*** RECORD EXTRACTS
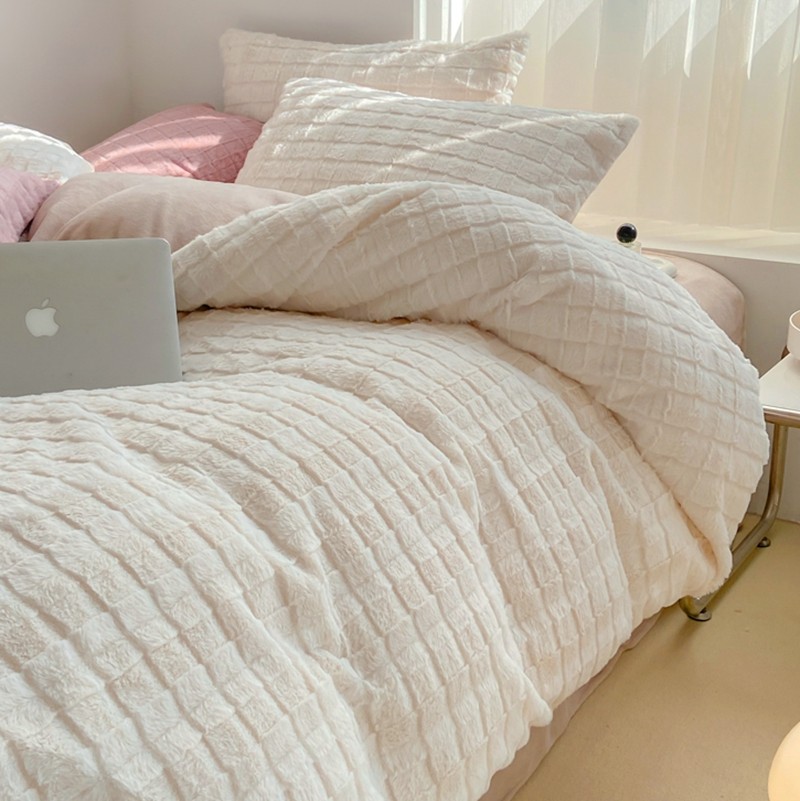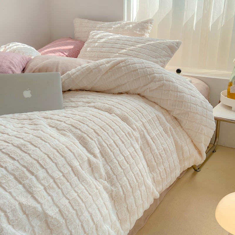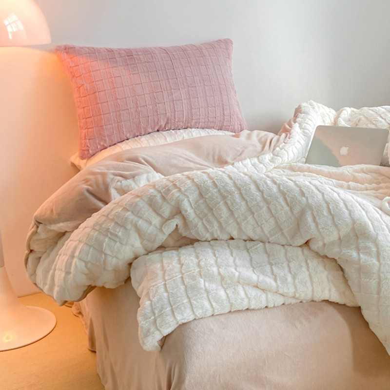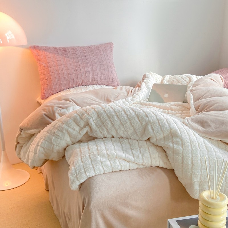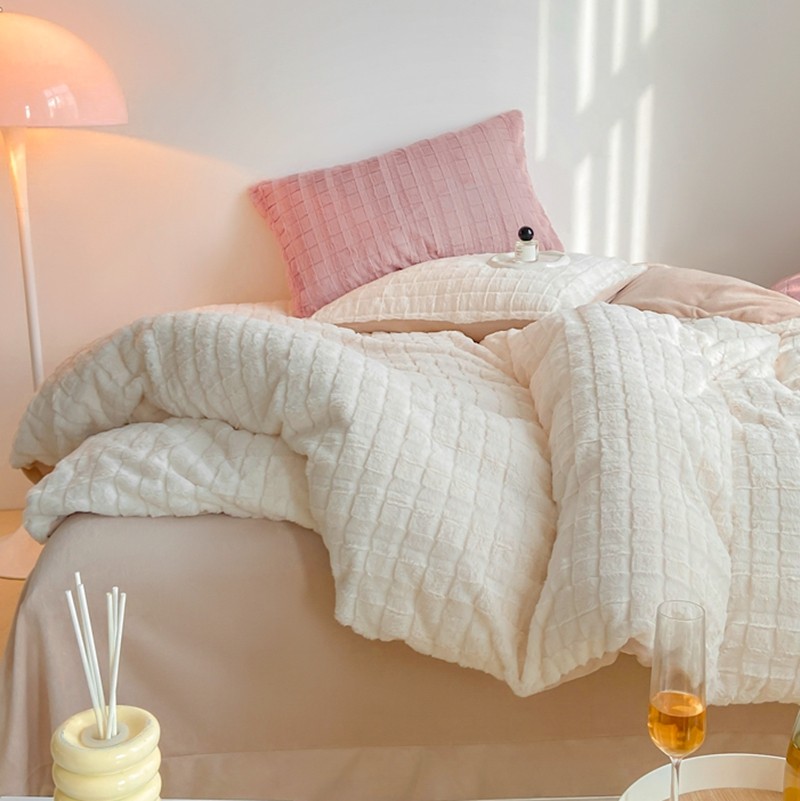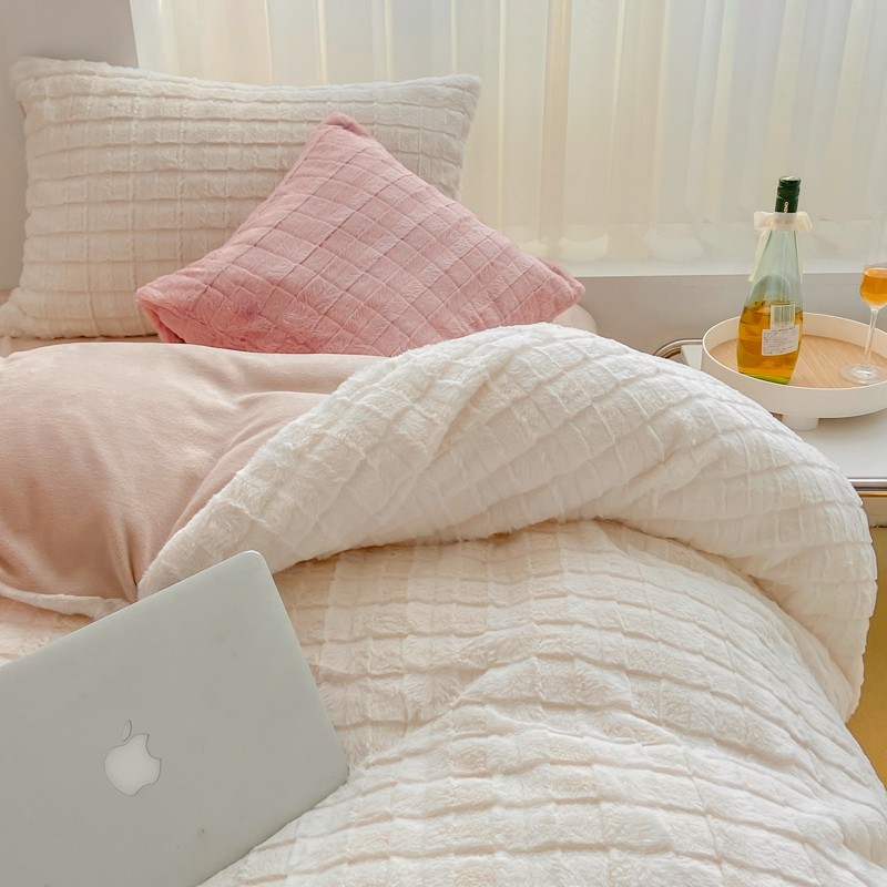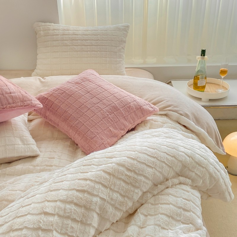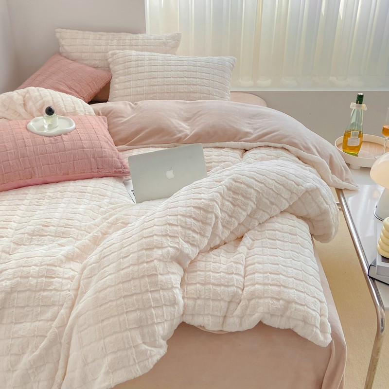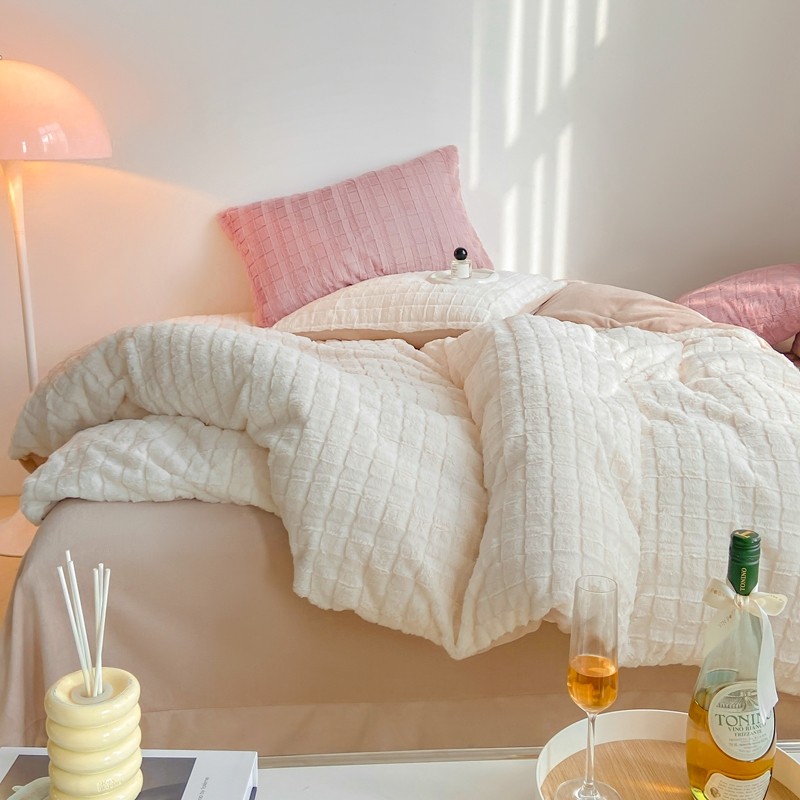 仟网汇 2022新款獭兔毛立体剪花牛奶绒四件套 奶白咖
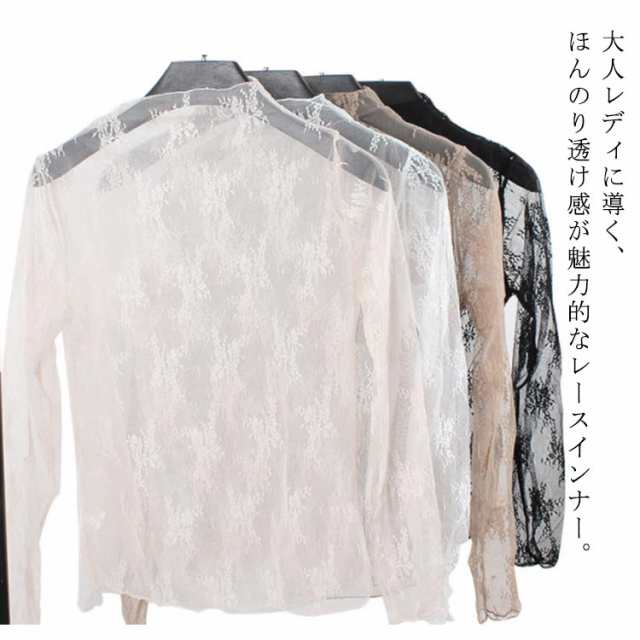シースルー トップス ハイネック ブラウス 透け 透け感 肌見せ インナー レース シースルー シースルーブラウス 長袖 セクシー 大人 シアー 黒 ブラック 白 ホワイト 大きいサイズ 春 夏 秋
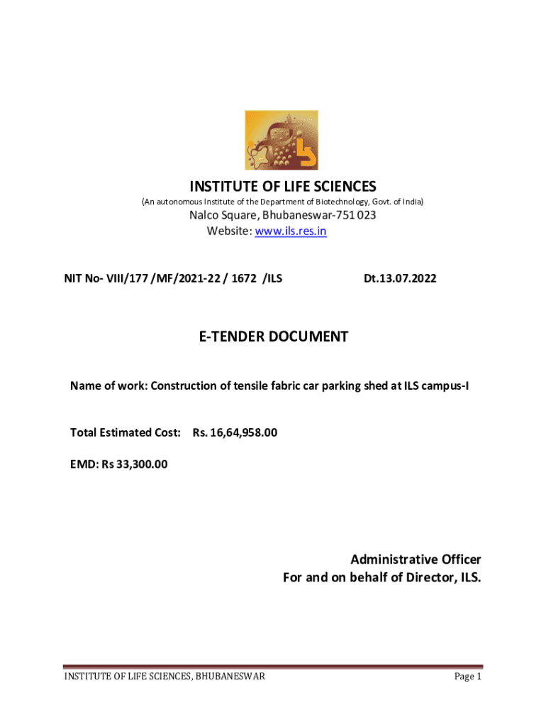 Website: www.ils.res.inNIT No VIII/177 /MF/202122 / 1672 /LSD.13.07.2022ETENDER
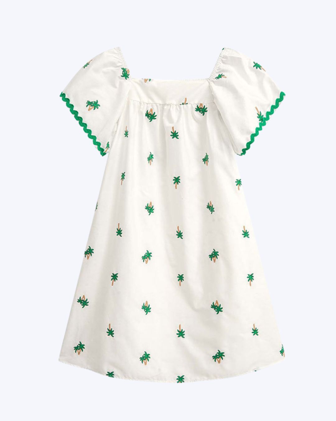 Design exclusivo com bordado de coqueiros e mangas volumosas, adicionando um toque tropical e elegante que se destaca em qualquer evento.
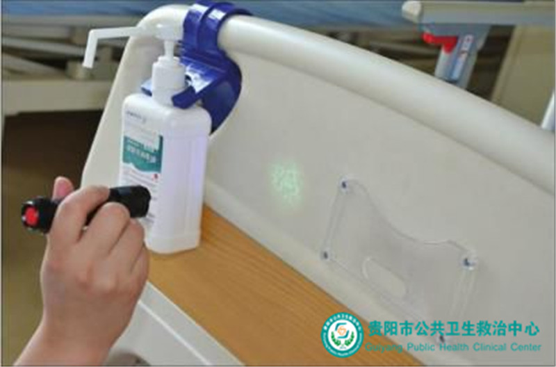 院感科在了解到臨床的困惑后,通過(guò)借鑒其他醫(yī)院的經(jīng)驗(yàn)引入了熒光筆+紫外線,一支小小熒光筆,竟有如此大用處。在保潔人員清潔工作開始前,對(duì)患者診療區(qū)域內(nèi)高頻接觸的環(huán)境和物體表面進(jìn)行預(yù)先標(biāo)記,這樣的記號(hào)肉眼無(wú)法看出,可是借助紫外線電筒,便能看得一清二楚,清潔后借助紫外線燈檢查標(biāo)記是否被有效清除,以考核環(huán)境清潔工作的質(zhì)量。
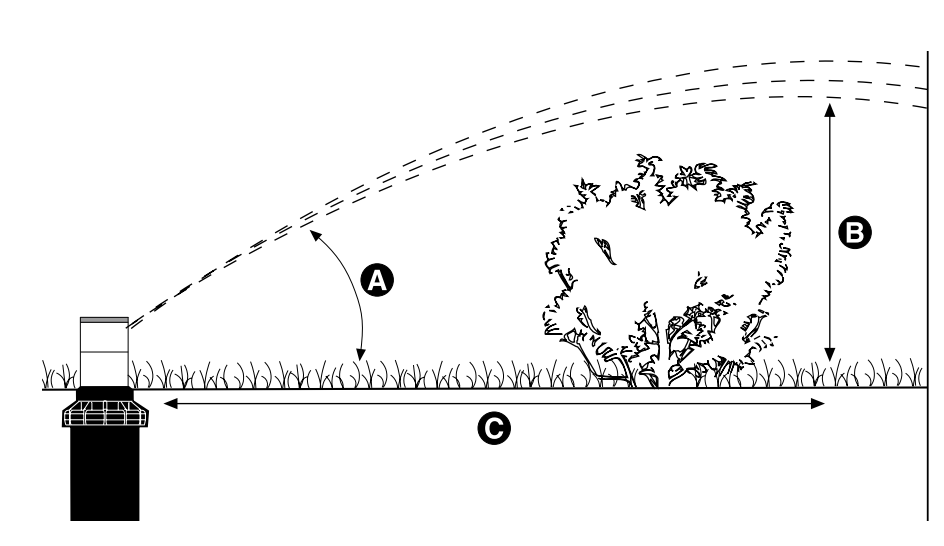 These rotor nozzle trajectory charts are designed to help determine how close a sprinkler can be placed to an object such as a fence or hedge without obstructing the spray pattern. All information shown is at optimum operating pressures.
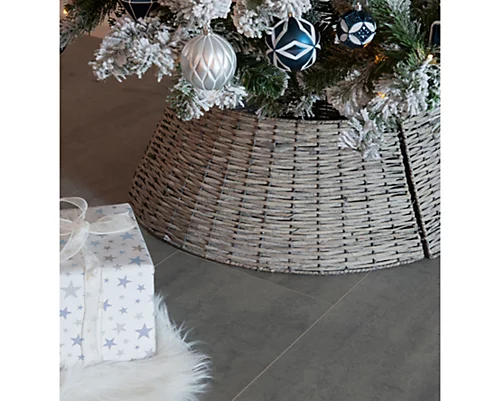 A woven rattan effect tree skirt which is suitable for both artificial and real Christmas trees
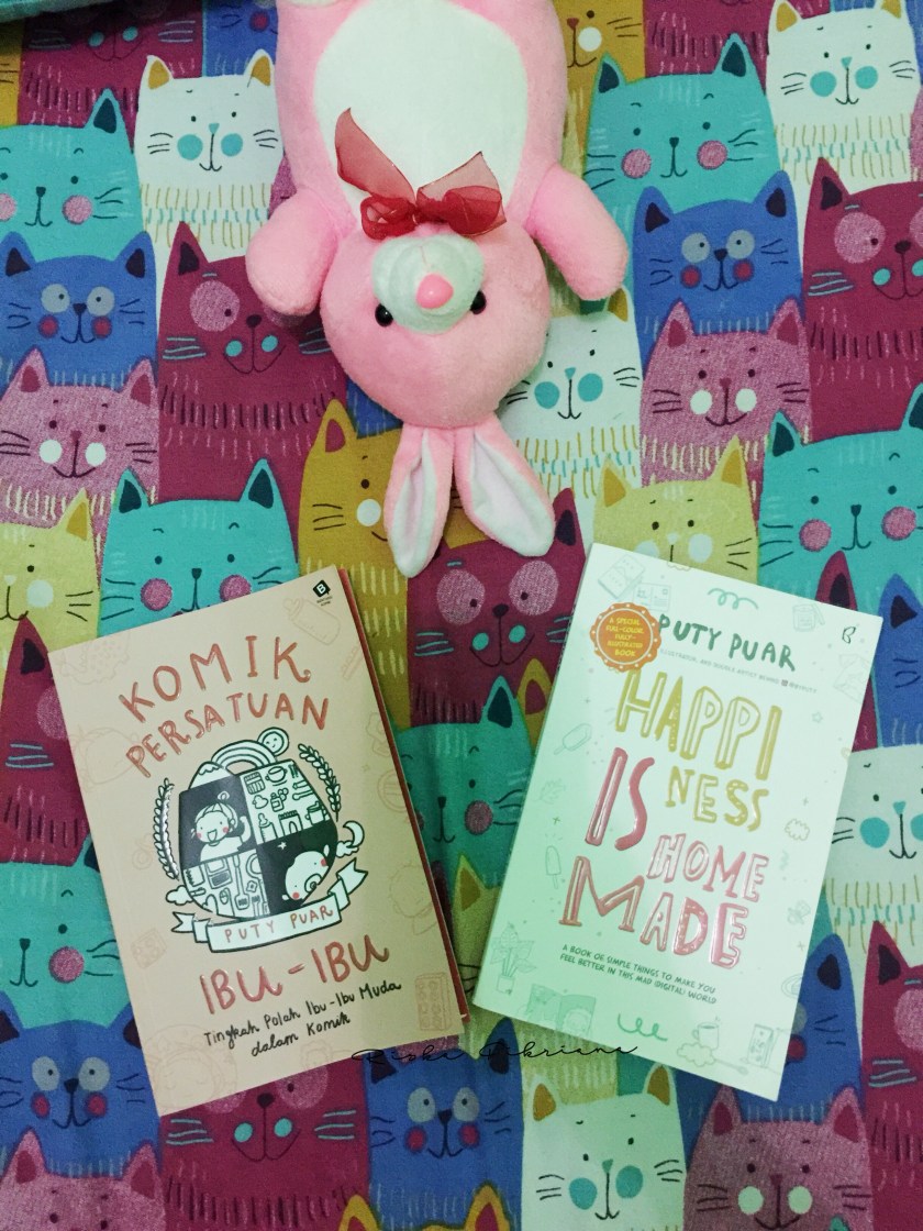 Kebetulan ada dua buku yang ringan-ringan menyenangkan dan gk bikin gendut (apasih). “Happiness is Homemade” dan “Komik Persatuan Ibu-Ibu” . Kedua buku ini ditulis perempuan yang sama, yaitu Puty Puar. Buku pertamanh Happiness is Homemade menggambarkan hal-hal sederhana yang mampu membuat perempuan (mungkin terutama ibu) menciptakan kebahagiaan untuknya sendiri. Dan buku kedua mengagambarkan bagaimana perjuangan sosok perempuan yang baru menjdi ibu. Kocak dan pasti dialami para ibu (grup hug).
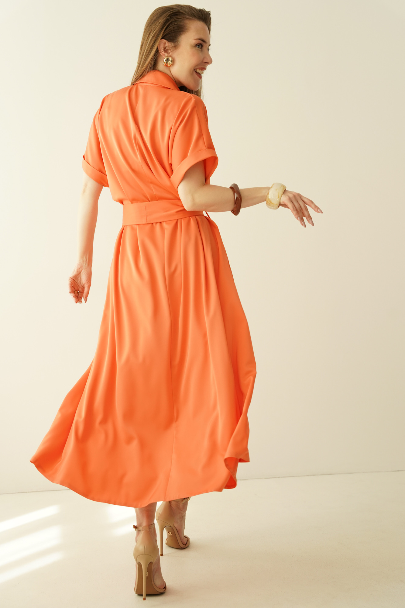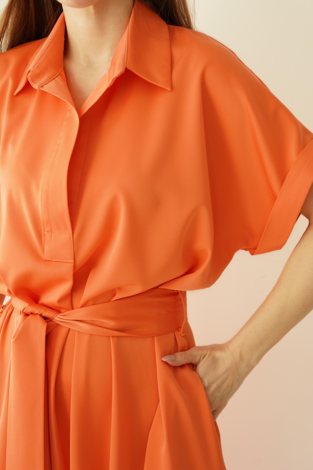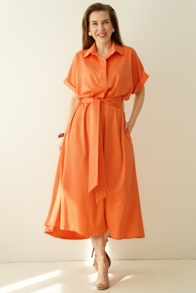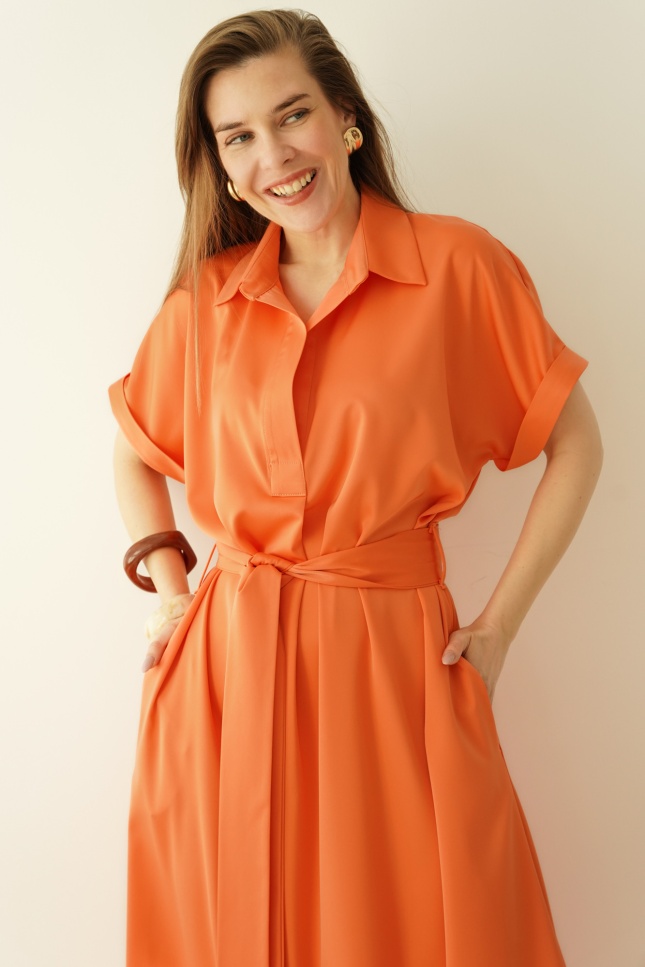 Loose smart casual dress with collar Elan papaya
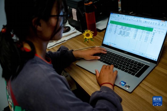 7月25日,在河北省承德市隆化县张三营镇东风村,宫希希在驻地统计农户的工时,并进行成本核算。
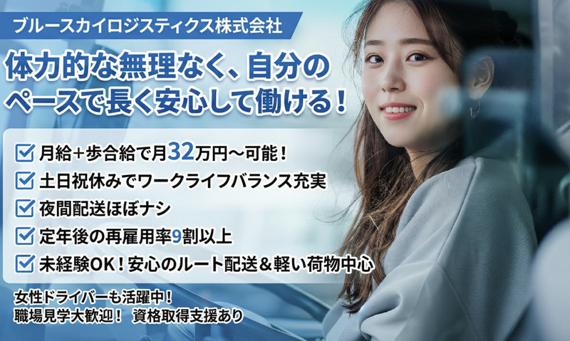 ブルースカイロジスティクス株式会社普免で月収30万以上!30代~50代活躍中/未経験スタート可
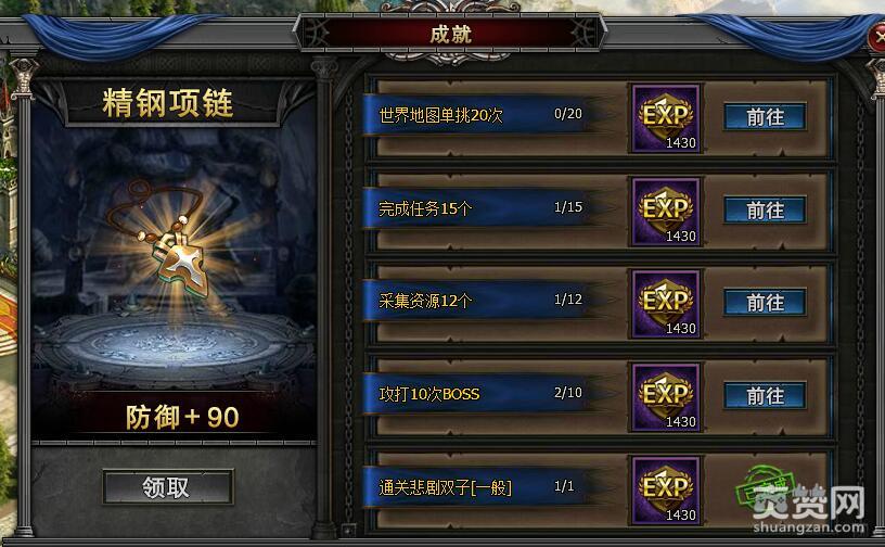 成就的第三件装备奖励是精钢项链。要想获得这件装备,你必须满足以下4大成就条件才能够领取。它们分别是:
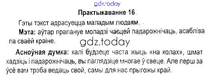 На страницах сайта gdz.today вы найдете учебный и вспомогательный материал, направленный на улучшения знаний школьной программы. ГДЗ - онлайн мир знаний Рашальнік да часткі 1. Практыкаванні 16 Учебнику по Белорусскому языку для 5 класса Красней, Несцяровіч Национальный институт образования 2014
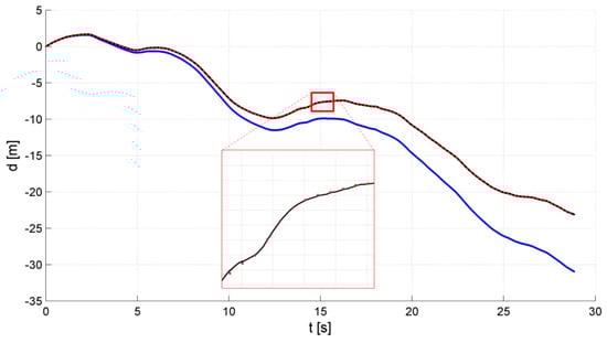 In case of the matrix, the tuning procedure was applied to the power spectral densities of the IMU accelerometers and gyroscopes noises given in Equation (43). Common scaling coefficients , , were used for accelerometers and gyroscopes for each axis. In the case of the matrix, the scaled parameters were the variances of the GPS position and the velocity errors given in Equation (51). One common coefficient was used for all the position errors, and one coefficient was used for the velocity errors. Firstly, and were determined, as they were connected with the GPS system performance, which could be assumed to be repeatable in similar testing conditions. Then, further tuning was performed using matrix coefficients. The values of the coefficients established in the tuning procedure are presented in Table 1.
******
** EXERCISE **
When you transcribe the entries above, keep every word exact and leave out the pictures.

** REPLY TO THE TASK **
 仟网汇 2022新款獭兔毛立体剪花牛奶绒四件套 奶白咖
シースルー トップス ハイネック ブラウス 透け 透け感 肌見せ インナー レース シースルー シースルーブラウス 長袖 セクシー 大人 シアー 黒 ブラック 白 ホワイト 大きいサイズ 春 夏 秋
 Website: www.ils.res.inNIT No VIII/177 /MF/202122 / 1672 /LSD.13.07.2022ETENDER
 Design exclusivo com bordado de coqueiros e mangas volumosas, adicionando um toque tropical e elegante que se destaca em qualquer evento.
 院感科在了解到臨床的困惑后,通過(guò)借鑒其他醫(yī)院的經(jīng)驗(yàn)引入了熒光筆+紫外線,一支小小熒光筆,竟有如此大用處。在保潔人員清潔工作開始前,對(duì)患者診療區(qū)域內(nèi)高頻接觸的環(huán)境和物體表面進(jìn)行預(yù)先標(biāo)記,這樣的記號(hào)肉眼無(wú)法看出,可是借助紫外線電筒,便能看得一清二楚,清潔后借助紫外線燈檢查標(biāo)記是否被有效清除,以考核環(huán)境清潔工作的質(zhì)量。
 These rotor nozzle trajectory charts are designed to help determine how close a sprinkler can be placed to an object such as a fence or hedge without obstructing the spray pattern. All information shown is at optimum operating pressures.
 A woven rattan effect tree skirt which is suitable for both artificial and real Christmas trees
 Kebetulan ada dua buku yang ringan-ringan menyenangkan dan gk bikin gendut (apasih). “Happiness is Homemade” dan “Komik Persatuan Ibu-Ibu” . Kedua buku ini ditulis perempuan yang sama, yaitu Puty Puar. Buku pertamanh Happiness is Homemade menggambarkan hal-hal sederhana yang mampu membuat perempuan (mungkin terutama ibu) menciptakan kebahagiaan untuknya sendiri. Dan buku kedua mengagambarkan bagaimana perjuangan sosok perempuan yang baru menjdi ibu. Kocak dan pasti dialami para ibu (grup hug).
 Loose smart casual dress with collar Elan papaya
 7月25日,在河北省承德市隆化县张三营镇东风村,宫希希在驻地统计农户的工时,并进行成本核算。
 ブルースカイロジスティクス株式会社普免で月収30万以上!30代~50代活躍中/未経験スタート可
 成就的第三件装备奖励是精钢项链。要想获得这件装备,你必须满足以下4大成就条件才能够领取。它们分别是:
 На страницах сайта gdz.today вы найдете учебный и вспомогательный материал, направленный на улучшения знаний школьной программы. ГДЗ - онлайн мир знаний Рашальнік да часткі 1. Практыкаванні 16 Учебнику по Белорусскому языку для 5 класса Красней, Несцяровіч Национальный институт образования 2014
 In case of the matrix, the tuning procedure was applied to the power spectral densities of the IMU accelerometers and gyroscopes noises given in Equation (43). Common scaling coefficients , , were used for accelerometers and gyroscopes for each axis. In the case of the matrix, the scaled parameters were the variances of the GPS position and the velocity errors given in Equation (51). One common coefficient was used for all the position errors, and one coefficient was used for the velocity errors. Firstly, and were determined, as they were connected with the GPS system performance, which could be assumed to be repeatable in similar testing conditions. Then, further tuning was performed using matrix coefficients. The values of the coefficients established in the tuning procedure are presented in Table 1.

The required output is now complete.